Best Advice: The Job Market [From the Hey Jane archives]

March 24, 2009 at 2:15 am | Posted in Hey Jane Column, Job Market | Leave a comment

Hey Jane! is a monthly advice column on the SWS listserv that addresses issues of interest to feminist sociologists and sociologist-activists. The name honors Jane Addams, a feminist sociologist not always recognized enough. This Q&A is hosted by the Career Development Committee, who solicits anonymous questions and responses from multiple SWS members.

Column 23 (January 2008)

For this month’s Hey Jane! Column I asked you to send me your “best” piece of advice.

Get as broad a variety of experience in graduate school (research, teaching, advising, etc.) as possible.

Apply for jobs broadly.

This wasn’t exactly advice, just an observation, but it helped me figure out my priorities about the job market.   My undergrad advisor said once, “you have to like young people — really LIKE them — in order to be good at this job” (and the job he was referring to was being a professor at a liberal arts college, as opposed to a Research I institution).  When I was on the market and doing on-campus interviews I paid close attention to the way the faculty at different institutions spoke about their students.  I took the job at the one place where everyone seemed to actually LIKE their students, and I have never regretted it.

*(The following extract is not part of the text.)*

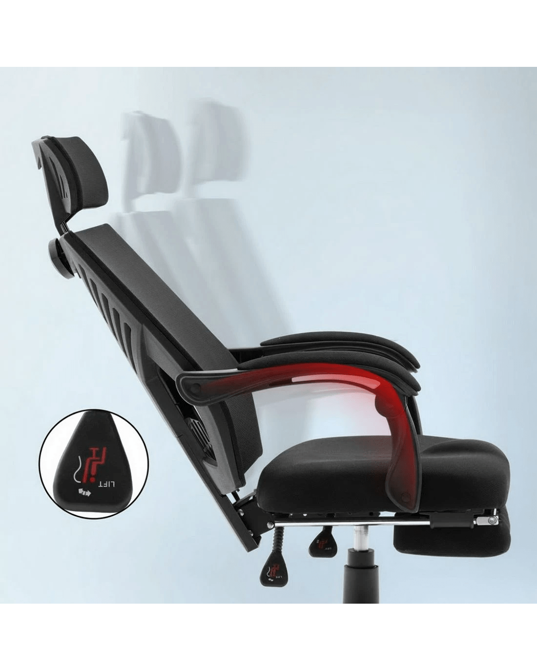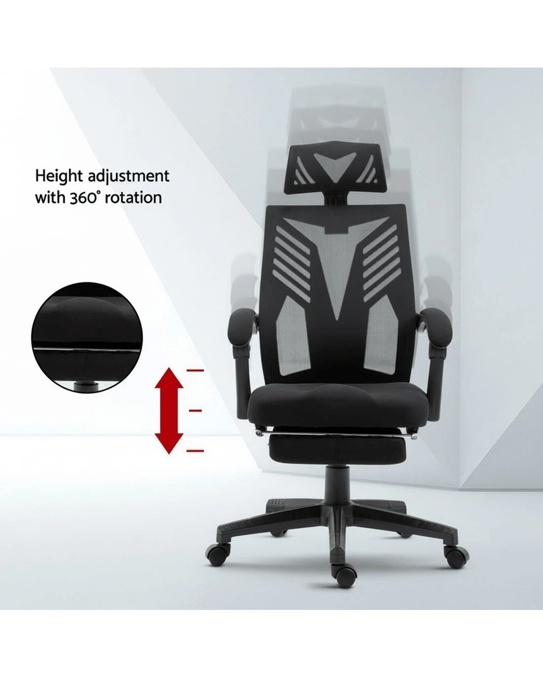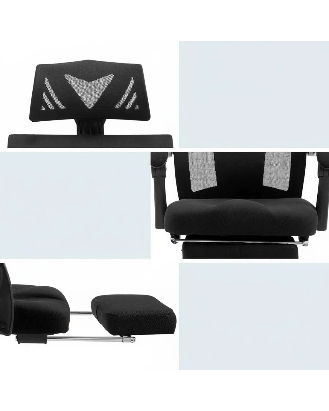 Our Artiss Matrix Office Chair takes work and relaxation seriously. Fact is, the chair integrates both perfectly to give you a premium chair that does more than just luxurious seating. It is durably constructed with a Y-shaped back frame for sturdiness. The highly breathable mesh means that you are never hot and bothered with long sitting hours as the chair is always well-ventilated. The S-shaped lumber support keeps your back comfortable while the headrest can be adjusted to suit your head. Better still, the chair can be reclined to 150° to suit work, leisure, relaxation and every purpose in between. Together with its retractable footrest and flexible armrests that adjust with back recline, the chair is simply a good seat to keep your feet up for a well-deserved break. Not least, firm base features mute castors that not only prevent floor scratches but also allows quiet and smooth mobility together with the omni-directional seating.

As for the best career advice I ever got, I think it is a tie between two, the first from a dissertation committee member and the second from an informal mentor whom I met through a professional organization (not SWS). The first involved a decision I had to make between two job offers, neither of which was an ideal choice. I was advised to take the one with the lower teaching load and the teaching assignments closest to my research interests and to gear my publication productivity level to the type of institution where I would like to work. The advice was good and I was able to move from my first job to one that better suited me. I don’t remember the exact wording of the advice from the informal mentor, but it basically was that to be successful and sane as an assistant professor in academia one needed to be always cognizant of the criteria by which one was being evaluated, but also “to thine own self be true…” If one strayed too much from one’s core values and core interests in the quest to be successful, one would end up alienated and ineffective in the long run.

The best advice I was given came in a “job market” class it graduate school: Stay away from temporary lecturer positions, or visiting professor positions unless they are at the institution where you received your Ph.D.

The best advice I ever received was to *meticulously tailor* each job application to the school to which you are applying (and I don’t mean just swapping out one sentence in your letter or reordering the paragraphs!).  I spent more time than my peers preparing my application materials, but it really paid off.  I came from a decent, but not great, school, and had a decent, but not great CV and I was invited for six campus interviews my first year on the market. It was absolutely the result of the extra time and care I put into those materials.

Regarding the job interview process, I was given three pieces of advice by graduate school professors:  1) Remember that you are interviewing the members of the committee as much as they are interviewing you – this may be your job for a long time; 2) You get an interview because you’re qualified for the position. You get a job because of the chemistry between you and the committee members.  Getting a job is as much about fit as it is about qualifications; 3) When someone on the search committee asks you if you can teach course “X”, you should say yes.